In primo luogo bisogna ricordare che non ci sono effetti negativi per gli assegni collocati al di sotto di 1.522 euro lordi mensili (cioè sino a tre volte il minimo inps) in quanto anche la nuova normativa garantisce la piena indicizzazione della pensione all'inflazione. Chi ci rimetterà qualcosa sono i pensionati della classe media ed elevata che godono di assegni superiori. Queste pensioni senza la legge di bilancio avrebbero rivisto l'adeguamento nelle misure stabilite dalla legge 388/2000, pari al 90% dell'inflazione per gli assegni sino a 5 volte il minimo (cioè sino a 2.537,1€) e del 75% per la cifra superiore con il ritorno alle fasce progressive (più favorevoli). Il nuovo meccanismo inserito nella legge 145/2018 (legge di bilancio 2019) contiene gli aumenti in misura compresa tra il 97% ed il 40% a seconda della classe dell'assegno applicando la rivalutazione direttamente sulla fascia complessiva del reddito pensionistico. Nello specifico le pensioni tra 3 e 4 volte il minimo vengono rivalutate al 97% dell'inflazione; tra 4 e 5 volte al 77%, tra 5 e 6 volte al 52%; tra 6 ed 8 volte al 47%; tra 8 e 9 volte al 45% e quelle superiori a 9 volte al 40%.
La tabella sottostante mostra, quindi, nelle ultime tre colonne il confronto tra le due normative con riferimento al 2019 utilizzando il tasso di inflazione dell'1,1% già comunicato dall'Istat. Come si vede l'effetto è molto contenuto per gli assegni tra tre e quattro volte il minimo e sale progressivamente per quelli superiori. Così una pensione di 2.800 euro lordi si fermerà nel 2019 al valore di 2.816 euro invece di 2.828 euro, quasi 13 euro al mese in meno in termini di mancata crescita; un assegno di 4.500 euro arriverà a 4.522 euro invece che a 4.543 euro, una differenza di oltre 20 euro al mese ed un assegno di 10mila euro lordi perderà quasi 45 euro al mese in termini di mancata rivalutazione (senza considerare l'effetto del nuovo contributo di solidarietà sulle pensioni superiori a 100mila euro annui).
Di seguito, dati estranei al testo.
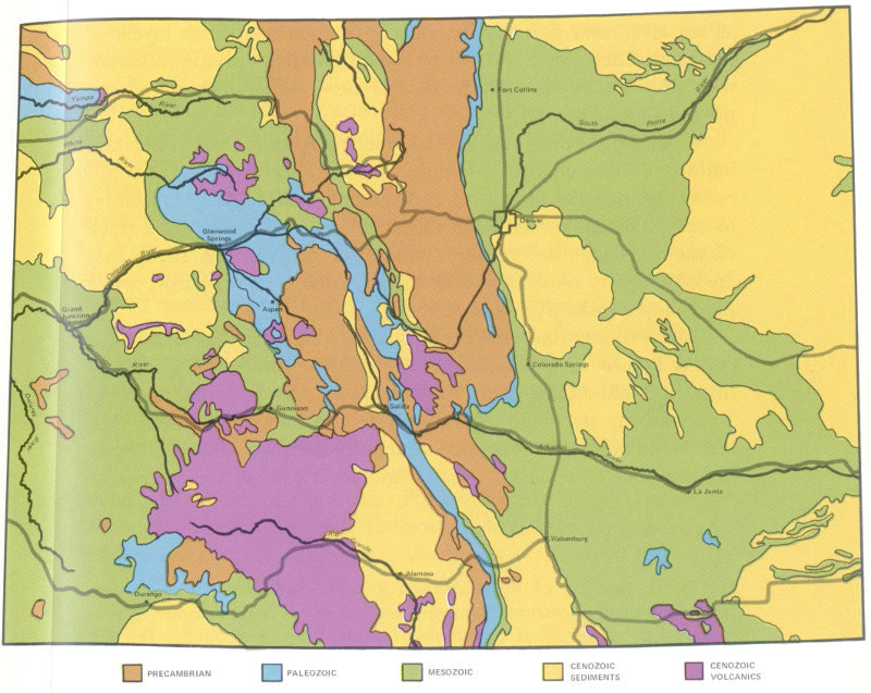 In the generalized geologic map of Colorado which accompanies Chapter II, rocks are identified by the era in which they were formed. A more detailed geologic map can be obtained from the U.S. Geologic Survey map distribution center in the Federal Building, Denver.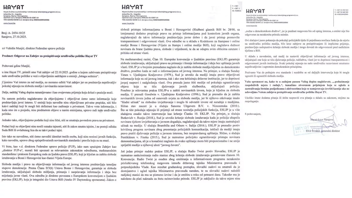 u ime Hayat TV, primili smo Vaš zahtjev od 22.10.2025. godine u kojem zahtijevate preispitivanje naše uređivačke politike u vezi s objavljenim sadržajem u emisiji „Istraga sedmice“.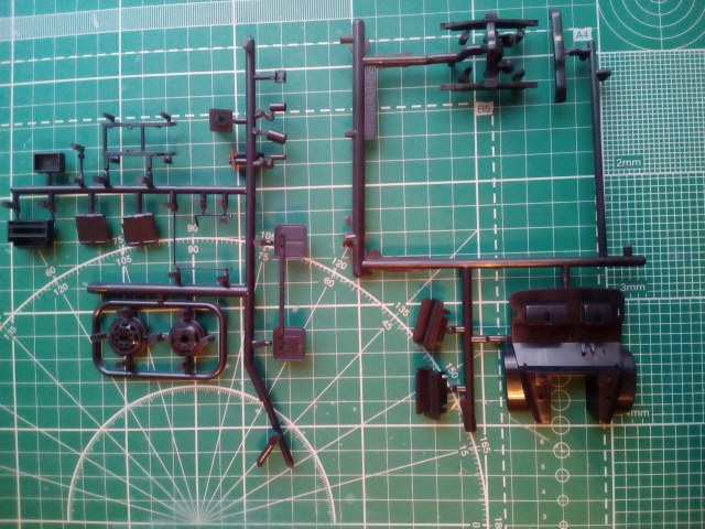 Коробка с верхней загрузкой, по сравнению с набором ЗиЛ-157 заметно подросла.Внутри литники черного цвета, упакованные в пакеты, так же прозрачный литник и покрышки.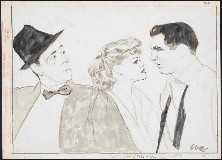 [John Raitt as Sid Sorokin, Janis Paige as Babe Williams and Eddie Foy, Jr. as Hines in "The Pajama Game".]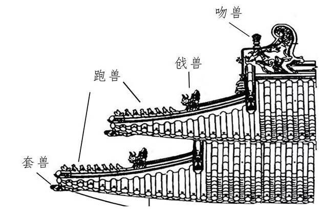 其中,正脊上安放吻兽或望兽,垂脊上安放垂兽,戗脊上安放戗兽,另在屋脊边缘处安放仙人走兽。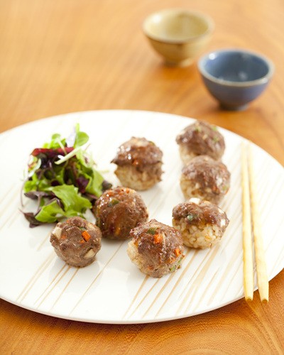 3. 밥은 따끈하게 준비해서 동그랗게 일정한 크기로 뭉친다. 밥 위에 양념한 쇠고기를 올려 미니 머핀틀에 기름을 칠하고 하나씩 채워 200℃로 예열한 오븐에서 10분 정도 굽는다.
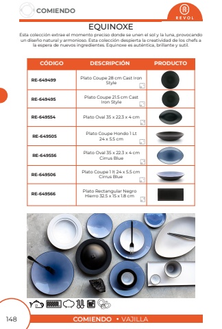 COMIENDOVAJILLACOMIENDO148EQUINOXEEsta colecci%u00f3n extrae el momento preciso donde se unen el sol y la luna, provocando un dise%u00f1o natural y armonioso. Esta colecci%u00f3n despierta la creatividad de los chefs a la espera de nuevos ingredientes. Equinoxe es aut%u00e9ntica, brillante y sutil.Plato Coupe 28 cm Cast Iron StylePlato Coupe Hondo 1 Lt 24 x 5.5 cmPlato Coupe 21.5 cm Cast Iron StylePlato Oval 35 x 22.3 x 4 cmPlato Coupe 1 lt 24 x 5.5 cmCirrus BluePlato Oval 35 x 22.3 x 4 cmCirrus BlueRE-649499RE-649505RE-649495RE-649554RE-649506RE-649556C%u00d3DIGODESCRIPCI%u00d3NPRODUCTOPlato Rectangular Negro RE-649566Hierro 32.5 x 15 x 1.8 cm

La novella è, comunque, leggermente più generosa rispetto alla disciplina vigente sino al 31 dicembre 2018 (legge 147/2013). Questa normativa garantiva per le pensioni tra 3 e 4 volte il minimo una rivalutazione al 95% dell'inflazione; tra 4 e 5 volte al 75%; tra 5 e 6 volte al 50%; per le classi di assegno superiori a 6 volte al 45% dell'inflazione. Come si vede nelle prime tre colonne della tabella gli assegni sino a 8 volte il minimo inps (4.059 euro al mese ai valori 2018) godranno quindi di un piccolo incremento rispetto a quanto sarebbe stato concesso prorogando anche nel 2019 le disposizioni di cui alla legge 147/2013; per quelli compresi tra 8 e 9 volte non cambia praticamente nulla, anche la nuova normativa prevede una rivalutazione al 45%; mentre quelli superiori a 9 volte, cioè superiori a 4.566 euro al mese, subiranno un effetto peggiorativo anche rispetto a quanto previsto dalla legge 147/2013. Per questa classe di pensionati la rivalutazione scende, infatti, dal 45% al 40% dell'inflazione.